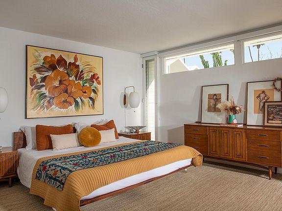 Our home features a midcentury aesthetic throughout with lots of vintage art, and findings we discovered from around the globe. Throughout each room you'll be greeted by a picture perfect view of the San Jacinto mountain range, a short 5 minute walk away.
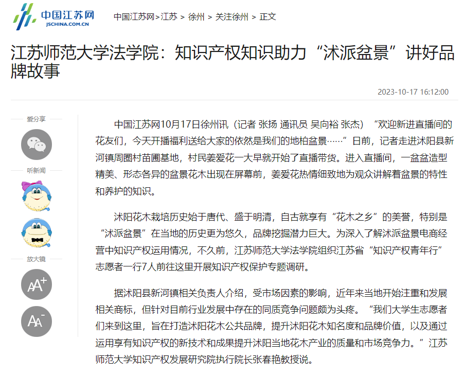 江苏师范大学法学院:知识产权知识助力“沭派盆景”讲好品牌故事
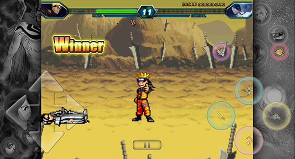 死神vs火影官方正版是5DPLAY工作室根据热门动漫改编的一款横版动作格斗手游,游戏延续经典街机画风,虽然画面简约,但是该有的特效一个也不少,震动、闪光、慢放、放大、炫酷的技能施放,打击感爆棚,很有小时候玩红白机的感觉!同时对于玩法和操作上,玩家只需选择要出战的角色后,再操控着他们释放技能,感受种类繁琐的技能连招,以达到击败对手即可获得游戏胜利,还有虚拟操作键盘,滑动屏幕即可体验震撼的动作盛宴!
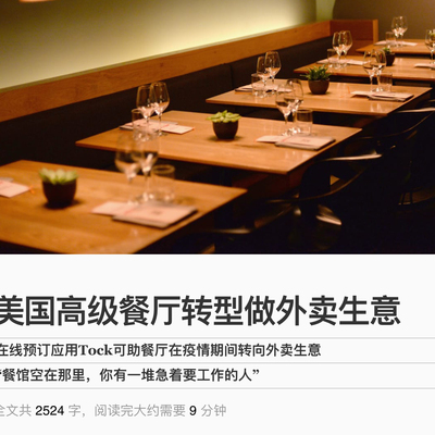订餐 SaaS 应用 Tock 转型 Tock to Go 也值得关注。模糊感觉中国也有类似可能空间(如此巨大的餐饮业,应可容纳相对利基市场的玩家,在美团饿了么之外)。

******

Give the listing above again word for word, without its pictures.

 Our home features a midcentury aesthetic throughout with lots of vintage art, and findings we discovered from around the globe. Throughout each room you'll be greeted by a picture perfect view of the San Jacinto mountain range, a short 5 minute walk away.
 江苏师范大学法学院:知识产权知识助力“沭派盆景”讲好品牌故事
 死神vs火影官方正版是5DPLAY工作室根据热门动漫改编的一款横版动作格斗手游,游戏延续经典街机画风,虽然画面简约,但是该有的特效一个也不少,震动、闪光、慢放、放大、炫酷的技能施放,打击感爆棚,很有小时候玩红白机的感觉!同时对于玩法和操作上,玩家只需选择要出战的角色后,再操控着他们释放技能,感受种类繁琐的技能连招,以达到击败对手即可获得游戏胜利,还有虚拟操作键盘,滑动屏幕即可体验震撼的动作盛宴!
订餐 SaaS 应用 Tock 转型 Tock to Go 也值得关注。模糊感觉中国也有类似可能空间(如此巨大的餐饮业,应可容纳相对利基市场的玩家,在美团饿了么之外)。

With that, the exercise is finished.